Warren Beatty stars as a club stand-up comic, who flees Detroit for Chicago to escape his involvement with the Mob, changing his identity to Mickey One after stealing the social security card of a homeless tramp. But he is lured back to the stage, though paranoid that the mob he has enraged has found him.
Director Arthur Penn’s freewheeling surrealistic 1965 film is an always intriguing, intelligent drama, written by Alan M Surgal. It remains attractive, even if Beatty never quite gets to grips with his unlikeable and violent character, and the film seems to set out to be deliberately obscure.
It is an always interesting movie – and just possibly a future cult movie, though that hasn’t happened so far – from Penn, the highly respected director of Beatty’s triumphant Bonnie and Clyde. Making an art movie for a major Hollywood studio – Columbia – Penn takes bold risks with a lack of narrative and explanation, and indulging in weird soundtrack and visuals.

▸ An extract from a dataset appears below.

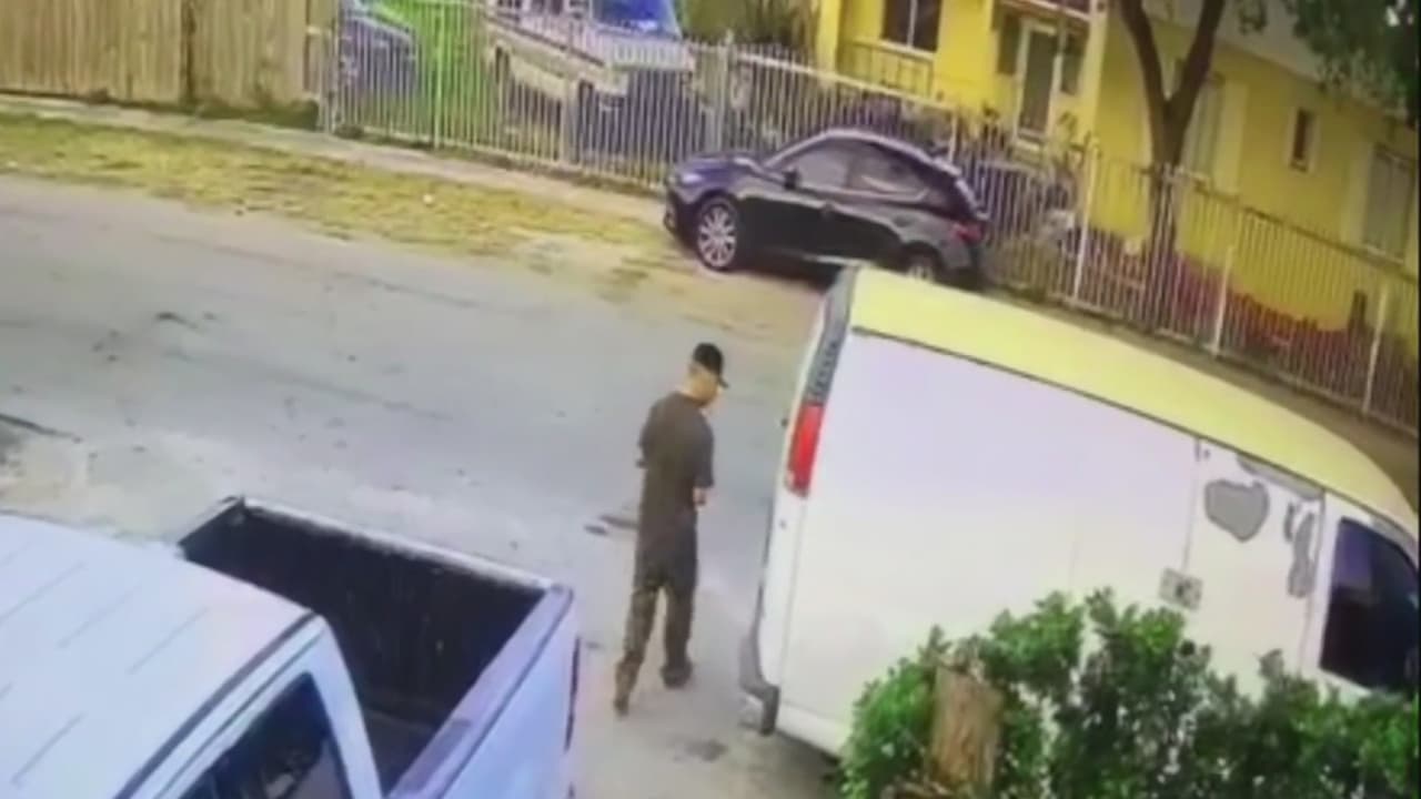 En video quedaron dos hombres mientras abrían la puerta del camión, después de revisar el área en Allapattah. La policía publicó las imágenes para que la comunidad dé información sobre los presuntos responsables del hurto.

Also in the cast are Hurd Hatfield, Alexandra Stewart, Franchot Tone, Teddy Hart, Jeff Corey, Ralph Foody, Dick Lucas, Jack Goodman, Jen Jensen and Dick Baker.
It is shot by Ghislain Cloquet in arty, noir-style black and white, produced by John G Avildsen, Arthur Penn and Harrison Starr, scored by Eddie Sauter and Stan Getz, and set designed by George Jenkins.